Hybrid zone populations exhibit adaptive potential to novel
climatic conditions
Current patterns of genetic diversity in populations of forest trees are
outcomes of various evolutionary processes structured by past events
(Hampe & Petit, 2005; Mayol et al ., 2015), which often results
in extant populations exhibiting adaptational lags to their current
climate conditions. Although this has been documented for several tree
taxa (Seliger et al ., 2021), it does not necessarily mean these
populations are devoid of adaptive potential. Theory suggests that GEI
should be prevalent in populations exhibiting adaptational lags and
those occurring in heterogenous environments (Via & Lande, 1985;
Ghalambor et al ., 2007). Sequential founder events, high levels
of landscape fragmentation and the associated loss of genetic diversity,
however, can restrict the evolution of GEI (Schmid et al ., 2019).
The populations sampled in this study naturally occur across the
fragmented landscapes of the southwestern United States, where they
experience markedly different seasonal and annual means and fluctuations
in environmental conditions, as well as gene flow from a northern
congener, P. flexilis (Menon et al ., 2018). By treating
gene expression patterns and resulting co-expression modules as
quantitative traits, we revealed strong signals of garden-specific
adaptive trait differentiation (i.e., GEI) thus supporting our first and
second hypotheses. In general, our estimates ofQ ST agree with previously published estimates
from studies of forest trees (Lind et al ., 2018), and more
specifically with the estimates obtained using expression datasets
(Roberge et al ., 2007; Leder et al ., 2015). Although the
presence of neutral population structure in the transcriptomic dataset
used to construct the co-expression modules could generate false
positives, eight of the strongly differentiated modules were also
enriched for various QST categories (Fig. 4). We
suggest these are likely true candidates for garden-specific signatures
of adaptive evolution, given the overall weak population structure in
this hybrid zone (Menon et al ., 2018).
The signals of local adaptation noted under the novel environmental
conditions of our study suggest that populations of long-lived tree
species, such as conifers, might not be limited in their ability to
adapt to rapidly changing climatic conditions. Our results contrast with
predictions of extensive future maladaptation suggested for other
long-lived tree species such as oak (Browne et al ., 2019), poplar
(Fitzpatrick et al ., 2020; Gougherty et al ., 2021) and
spruce (Frank et al ., 2017). This contrast may relate to
methodological differences among past studies and ours.
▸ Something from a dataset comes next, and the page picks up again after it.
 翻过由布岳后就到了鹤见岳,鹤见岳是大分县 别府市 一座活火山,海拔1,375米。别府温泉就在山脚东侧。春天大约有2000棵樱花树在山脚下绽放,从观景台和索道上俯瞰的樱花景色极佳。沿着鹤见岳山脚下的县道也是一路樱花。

Specifically, by
using a space-for-time substitution study we allow for the architecture
of adaptive evolution to reflect response to novel conditions. However,
similarities between the space-for-time substitution design used in the
present study and by Fitzpatrick et al . (2020) and Browneet al . (2019) suggest that our contrasting results might follow
from the inclusion of hybrid populations, which matters because hybrid
populations frequently show increased additive genetic variance
(Reif et al ., 2007;
Kulmuni, Wiley & Otto, 2023) (Table 2). Nevertheless, we advise caution
in the interpretation that populations of long-lived tree species may be
more adaptable to novel climates than expected because the presence of
additive genetic variation underlying climatically relevant traits is
only one of the important conditions needed for an adaptive response.
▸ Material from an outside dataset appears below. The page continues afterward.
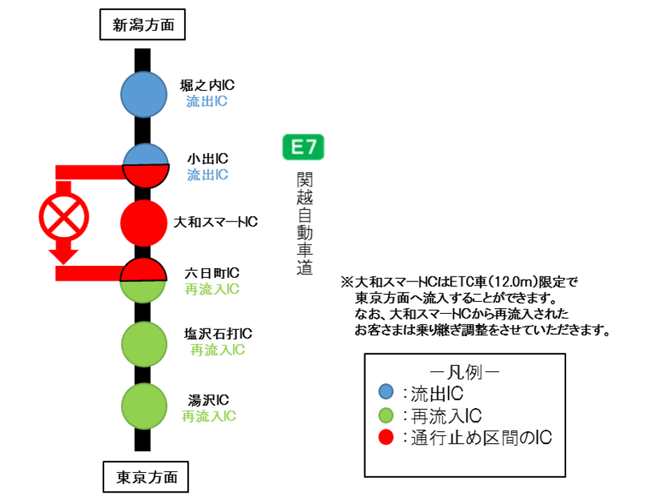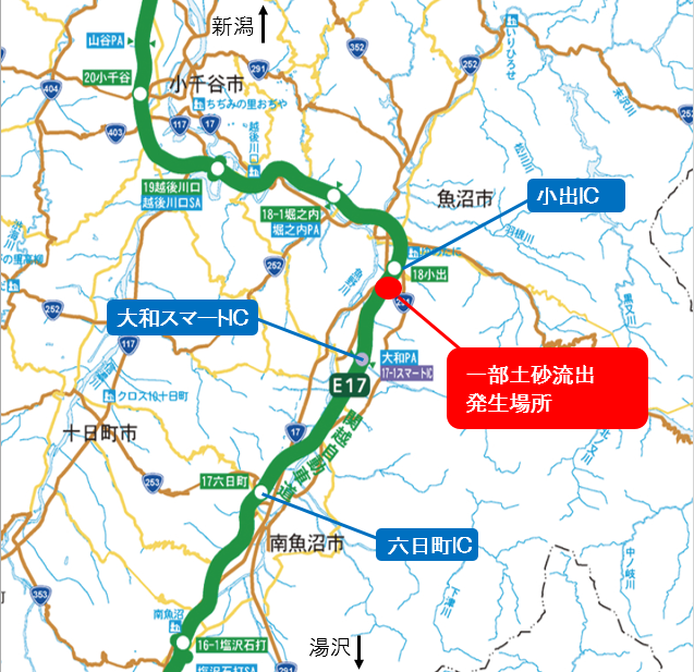 NEXCO東日本新潟支社(新潟市中央区)が管理する、 関越自動車道 小出(こいで)インターチェンジ(以下「IC」)~六日町(むいかまち)IC間(上り線)におきまして、災害通行止めを実施しています。なお、閉鎖していました大和(やまと)スマートIC(上り線)は、ETC車限定(12.0m以下)で利用を再開しています。

Correlations between traits can be modulated by environmental conditions
(Wood & Brodie, 2015) and correlations antagonistic to the direction of
selection can impede adaptive responses (Walsh & Blows, 2009). While
this does not seem to be the case in our study, as is evident throughQST enrichment at the core of the networks and
strong co-expression module differentiation, we cannot conclude that
evolution is occurring in the direction of the novel selective pressure.
Such a conclusion would require a larger sample size and more thorough
quantitative evaluation of the multivariate trait space.